“Distanciation sociale” et confinement n’étaient pas, loin s’en faut, des concepts et vocables faisant partie du langage courant il y a encore quelques semaines. Pour s’en convaincre, il suffit notamment de s’intéresser à l’évolution de la consultation des pages Wikipédia, en français et en anglais, consacrées au concept de distanciation sociale. Dans l’écosystème anglophone, les premières phases d’intérêt à l’égard de ce concept ont commencé à se structurer aux alentours de mi-février, avant de se cristalliser début mars. La page Wikipédia francophone n’a, quant à elle, été créée que le 13 mars dernier, contrairement à la version anglophone qui existait depuis avril 2017. Autant dire que dans l’opinion publique française, ce sujet n’est pas de ceux qui ont pu se sédimenter au long cours et donner lieu à des avis et autres prises de position tranchées.
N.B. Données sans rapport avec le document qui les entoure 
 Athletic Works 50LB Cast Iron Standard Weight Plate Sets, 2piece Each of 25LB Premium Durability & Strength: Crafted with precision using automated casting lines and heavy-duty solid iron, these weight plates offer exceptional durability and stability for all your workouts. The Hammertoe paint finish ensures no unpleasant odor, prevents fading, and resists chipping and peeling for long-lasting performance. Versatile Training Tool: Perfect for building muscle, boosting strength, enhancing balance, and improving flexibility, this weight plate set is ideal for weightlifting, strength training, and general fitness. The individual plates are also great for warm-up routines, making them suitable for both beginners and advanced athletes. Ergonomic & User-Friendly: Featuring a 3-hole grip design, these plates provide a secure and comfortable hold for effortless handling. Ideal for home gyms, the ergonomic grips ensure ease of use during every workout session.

Un constat légèrement différent aux États-Unis où la page dédiée à ce concept donnait lieu à environ 70 vues quotidiennes en janvier dernier et uniquement 16 vues quotidiennes en décembre 2019. On peut donc en conclure que, dans ce périmètre linguistique spécifique, seule une infime minorité d’individus s’intéressait au sujet.
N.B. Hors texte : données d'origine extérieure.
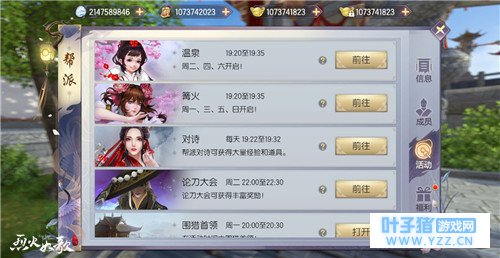 【泡温泉聚篝火,吟诗赏景的烈火江湖】 泡泡温泉,喝喝茶,同样是《烈火如歌》手游的帮派中一项有趣的玩法。每周二、四、六,温泉活动将定时开启,玩家们届时便可相邀前往帮派驻地泡温泉,享受放松身心的愉悦时光,顺便获得丰厚的活动奖励。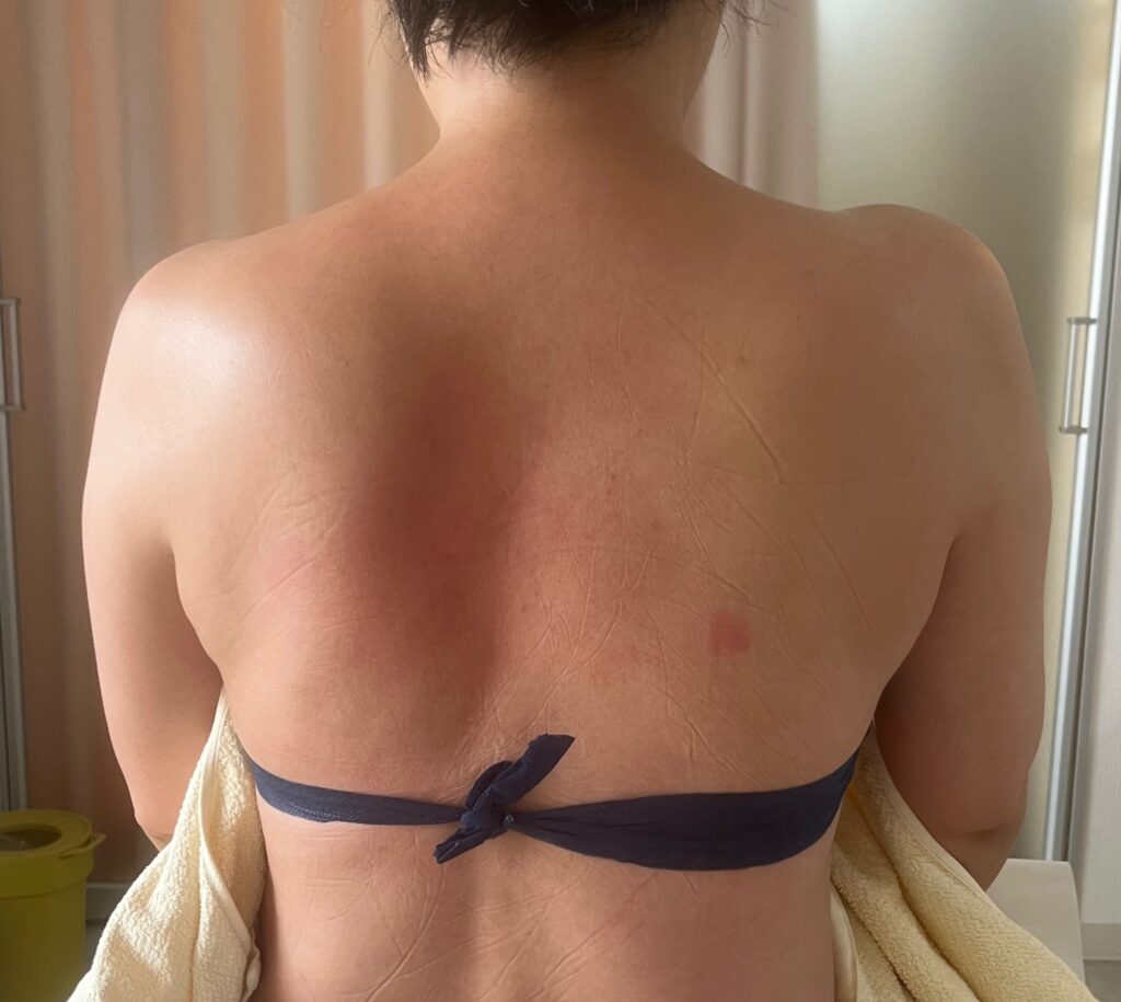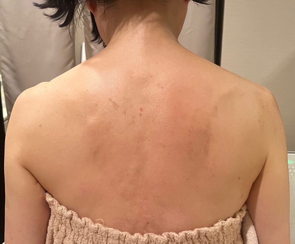(※上のお写真の鎖骨付近はインパクトを当てると温かくなるので赤みが出ていますが、施術後は流れて治まります。)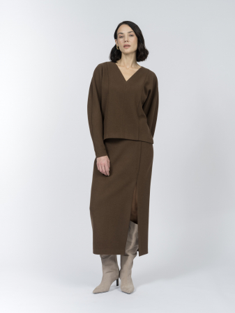 Насыщенный оттенок «шоколадный мартини» выглядит благородно и сочетается с блузой BL1697K, лонгсливами и джемперами коллекции.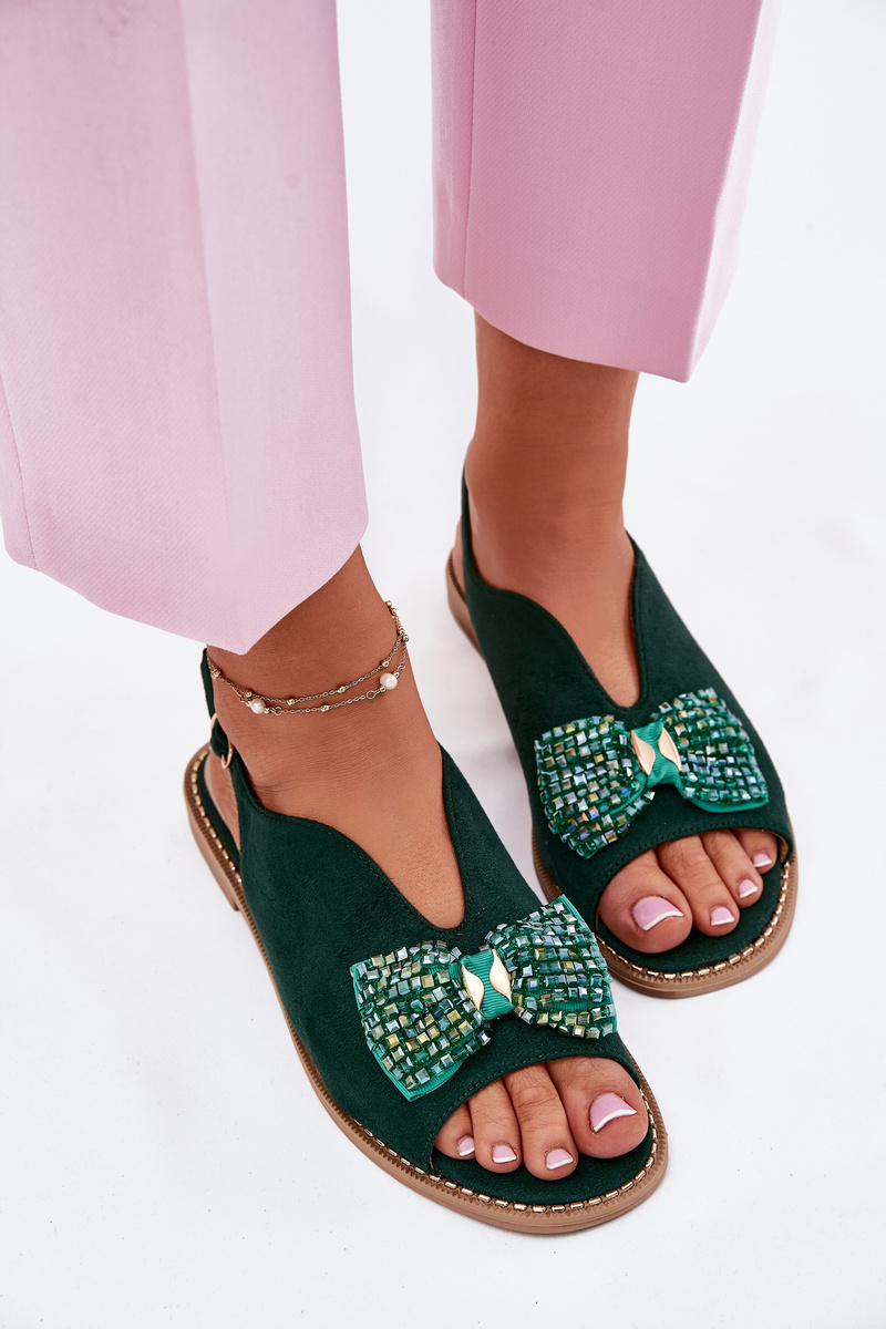 Dámske Sandále S Mašľou Na Nízkom Opätku S.Barski KV51-014 Zelené

Sur le profil de ces personnes, et bien que Wikipédia, aux premiers abords ne nous permettent guère d’investiguer plus en avant sur la dimension identitaire des primo-lecteurs de cette page, le postulat d’une surreprésentation de chercheurs, en épidémiologie et en sciences sociales ne semble pas ubuesque. Dès lors, et alors même que ces concepts, et de distanciation sociale, et de confinement, ne vont pas de soi, et font l’objet, de la part de franges antinomiques de la population, de critiques plus ou moins affirmées, il paraît opportun de s’intéresser à la manière dont ces concepts se sont diffusés en France. Quels ont été les “importateurs”, les relais et autres acteurs pivots ayant, en un laps de temps réduit, permis de mettre à l’agenda médiatique et politique, des concepts que nous ignorions jusque-là ?
Une histoire des concepts, à n’en pas douter fructueuse d’un point de vue heuristique, et qui ne va pas sans nous rappeler la manière dont le concept de fake news a surgi dans les rédactions et sous nos latitudes.